1.When you have budget of $1000 for 3D television but due to some festive season offer you get that 3D
television for $600 than your consumer surplus will be $400.
2.When stock market crash and the stocks which are fundamentally strong but due to pessimism are trading
below their real value than for investors it is consumer surplus, same can be applied to other asset classes
like gold, silver, real estate and when there is crash in these markets.
3.When a student is going for coaching of physics but tutor also helps him or her in other subjects than for
a student help in other subjects can be treated as consumer surplus.

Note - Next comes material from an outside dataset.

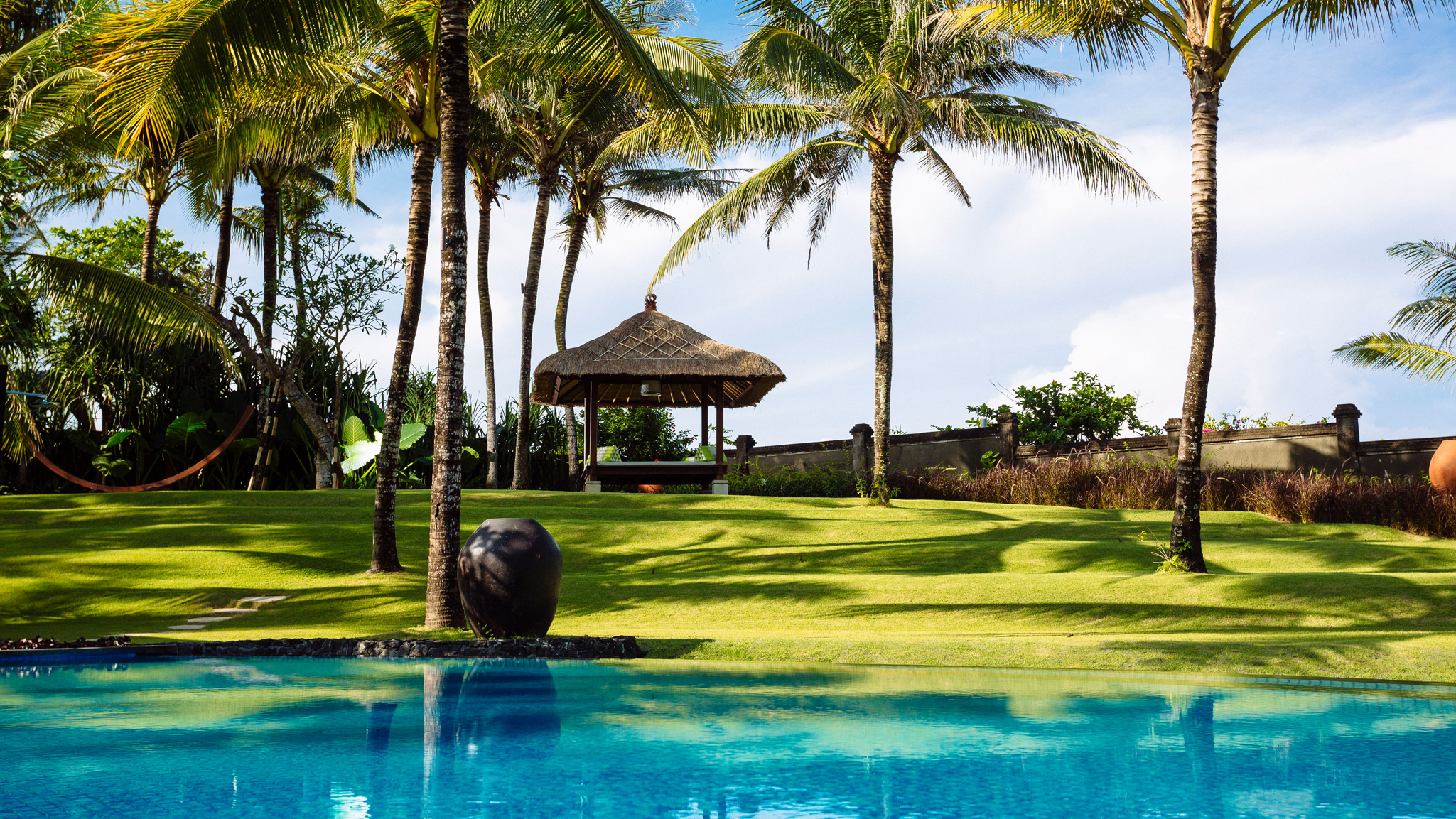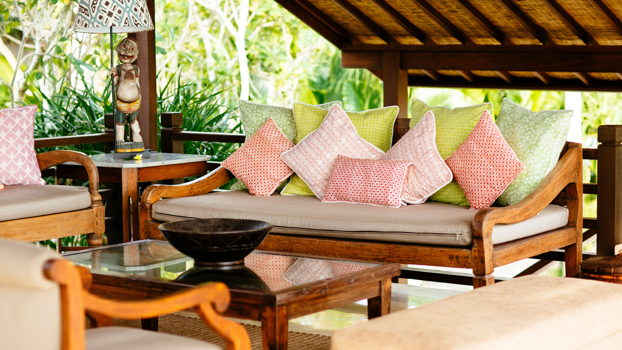 Outdoor Living - 20-metre swimming pool with large ironwood terrace furnished with sunbeds and shade umbrellas. Master bedroom terrace with Jacuzzi. Poolside alfresco dining area with table for 10. Sunset balé with ocean and temple views. Garden massage balé. Verandas and seating areas to all bedrooms. Volleyball.

4.When you go at restaurant for dinner and restaurant gives welcome drink for free than that welcome
drink can be regarded as consumer surplus.
5.When you take internet connection at home for your official purpose but your whole family uses that
internet for their benefit, like your son or daughter uses internet for visiting education websites or your wife
uses it for learning various food recipes than it can be regarded as consumer surplus.
6.When you go for foreign tour for 7 days but travel agency give you additional day and make it a 8 day tour
package than that 1 additional day can be regarded as consumer surplus from the point of view of
traveler.
Externalities
Introduction
• When markets are functioning well, all the costs and benefits of a transaction for a
good or service are absorbed by the buyer and seller. For example, when you buy
a doughnut at the store, it's reasonable to assume all the costs and benefits of the
transaction are contained between the seller and you, the buyer.
• However, sometimes, costs or benefits may spill over to a third party not directly
involved in the transaction. These spillover costs and benefits are called
externalities.
• A negative externality occurs when a cost spills over.
• A positive externality occurs when a benefit spills over.
• So, externalities occur when some of the costs or benefits of a transaction fall on
someone other than the producer or the consumer.